Introduction: Vitamin D deficiency in children is still a global health problem. Measuring free 25-hydroxyvitamin D concentrations could provide a better estimate of the vitamin D status than total 25-hydroxyvitamin D (25(OH)D) levels.
Objective: To assess the relationship between measured free vitamin D (m-f25(OH)D) and calculated free 25(OH)D (c-f25(OH)D), total 25(OH)D, intact parathyroid hormone (iPTH) and other markers of phosphocalcic metabolism. Establish serum m-f25(OH)D concentrations corresponding to a total 25(OH)D>20 ng/ml which is accepted as vitamin D-sufficiency status in children.

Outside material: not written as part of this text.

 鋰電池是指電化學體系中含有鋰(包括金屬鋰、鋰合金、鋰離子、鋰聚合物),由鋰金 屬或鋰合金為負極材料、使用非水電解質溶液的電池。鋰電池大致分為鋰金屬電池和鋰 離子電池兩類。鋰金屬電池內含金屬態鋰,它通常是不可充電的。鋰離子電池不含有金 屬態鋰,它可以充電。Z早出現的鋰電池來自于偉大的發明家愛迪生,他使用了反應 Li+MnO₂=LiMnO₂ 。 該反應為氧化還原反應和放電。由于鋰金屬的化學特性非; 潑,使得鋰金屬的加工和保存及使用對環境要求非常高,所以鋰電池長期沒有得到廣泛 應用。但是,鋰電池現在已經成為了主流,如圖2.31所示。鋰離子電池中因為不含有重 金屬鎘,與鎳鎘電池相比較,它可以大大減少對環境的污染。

Material and Methods: Prospective cohort study setted between January and February 2017 in healthy children of a Mediterranean population The measurements of m-f25(OH)D and vitamin D binding protein (VDBP) were made by ELISA. Free 25(OH)D was calculated using the formula described by Bikle.

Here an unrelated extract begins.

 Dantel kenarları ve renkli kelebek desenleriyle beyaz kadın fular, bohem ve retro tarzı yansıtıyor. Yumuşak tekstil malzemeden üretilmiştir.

Results: m-f25(OH)D directly correlated with total 25(OH)D (r:0.804, P<0.001), serum calcium (r:0.26, P:0.035), and c-f25(OH)D (r:0.553, P:0.016); and inversely with iPTH (r:−0.374, P:0.002), alkaline phosphatase (r:−0.28, P:0.026), and age (r:−0.289, P:0.018). Total 25(OH)D correlated with the same parameters than m-f25(OH)D except for serum calcium. Whereas, c-f25(OH)D correlated only with total 25(OH)D and VDBP, both included in the calculation formula. Multiple regression analysis showed that m-f25(OH)D variations were independently explained by calcium (β:0.156, P:0.026) and total 25(OH)D (β:0.043, P<0.001). The optimal m-f25(OH)D cut-off for discriminating between insufficient and sufficient total 25(OH)D was ≥3.9 pg/ml (Area Under Curve (AUC): 0.897 (95% confidence interval (CI): (0.7980.958); P<0.001; sensitivity:72.7% (95%CI: 49.889.3); specificity: 95.4% (95%CI: 84.599.4))
Conclusions: Directly measured free vitamin D correlated better with markers of phosphocalcic metabolism than total 25(OH)D and c-f25(OH)D in a population of healthy children.